One story on BDS itself was headlined, “15 years since the Durban Conference: ‘We need an idea to go against BDS’.” Like most BDS stories (but not all, as shall be seen), the headline alone evoked a sense of failure as well as panic at the advancing tide of this enormous wave called BDS. The report covered the presentation of Dr. Nachman Shai, a Kadima member of the Israeli Knesset and its Deputy Speaker, a former spokesperson for the IDF, journalist and communications expert who insisted that the strategies developed at Durban, embodied in its step-child, the BDS movement, continued to pose a threat to the State of Israel. The Jewish organizations and Israel itself had developed tactics and strategies to counter BDS, but they needed a counter anti-BDS idea. BDS was based on an idea. When one looks at the counter-BDS movement, Shai found that it was bereft of an idea behind it.

He, of course, meant a competing positive idea. For the anti-BDS movement did seem to have a negative idea, to paint the BDS movement as, at heart, not a supporter of a two-state solution, but in favour of the elimination of Israel as a state in the Middle East. One example that could have been offered was the effort to paint “Independent Jewish Voices” (IJV) as anti-Jewish as well as an anti-Israel movement that used the celebration of Al Quds Day as a hate-fest against the Jewish people.

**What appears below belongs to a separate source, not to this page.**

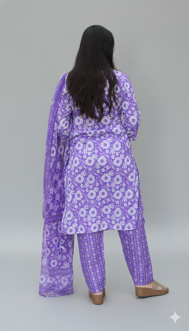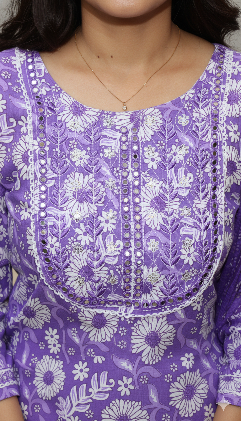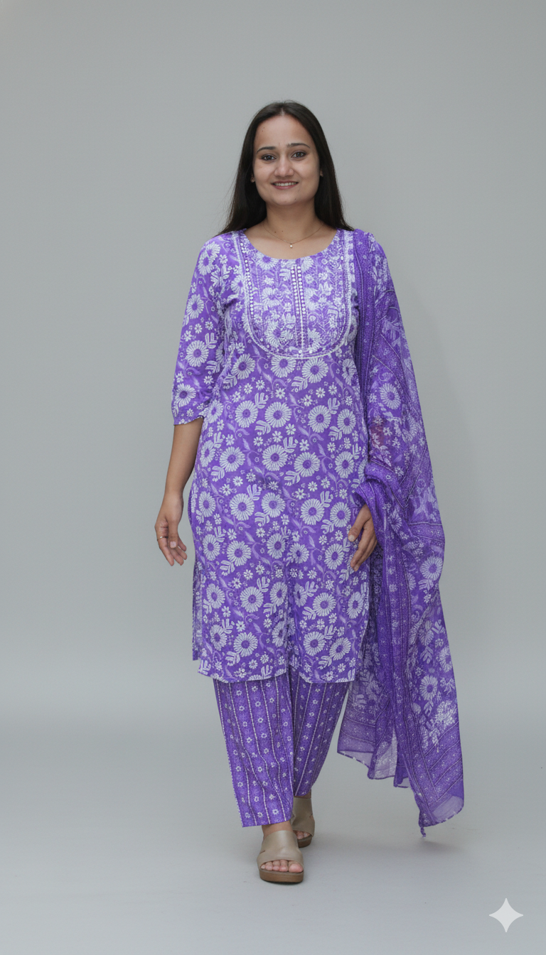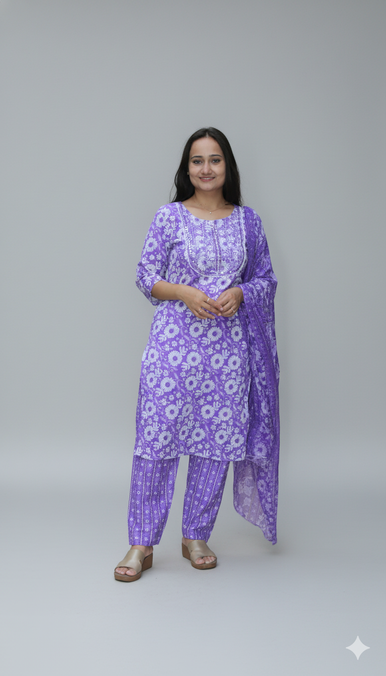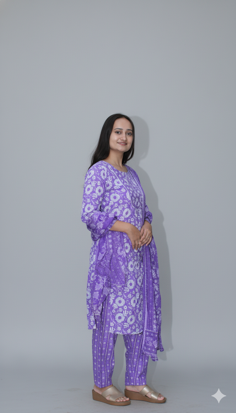 Women Purple Cotton Printed Kurta Set With Dupatta

IJV was founded in Canada in 2008 and endorsed BDS in 2009. One method used to oppose BDS was to paint it, and other groups that supported BDS, as opposed to the Jewish state. Further, such groups were depicted as either explicit Holocaust deniers or ones that flirted with Holocaust denial and associated with deniers. (More on this in the next blog.)

However, IJV describes itself very differently, as representing Canadian Jews (for IJV Canada) who have a strong commitment to social justice and universal human rights. Independent Jewish Voices Canada (IJV) is purportedly a national human rights organization whose mandate, it claims, “is to promote a just resolution to the conflict in Israel and Palestine through the application of international law and respect for the human rights of all parties.” IJV claims that there are currently ten chapters of IJV in cities across Canada in addition to a growing number of student clubs on major university campuses. IJV supports the right of Canadians to criticize and challenge the current laws and policies of the State of Israel, including the Boycott, Divestment and Sanctions (BDS) movement. IJV’s policies and operations are claimed to rest on the following principles:

1. Human rights are universal and indivisible and should be upheld without exception. This is as applicable in Israel and Occupied Palestine as it is elsewhere.
2. Palestinians and Israelis alike have the right to peaceful and secure lives.
3. Peace and stability require the willingness of all parties to the conflict to comply with international law.
4. There is no justification for any form of racism, including anti-Semitism, anti-Arab racism or Islamophobia in any circumstance.
5. The battle against anti-Semitism is vital and is undermined whenever opposition to Israeli government policies is automatically branded as anti-Semitic.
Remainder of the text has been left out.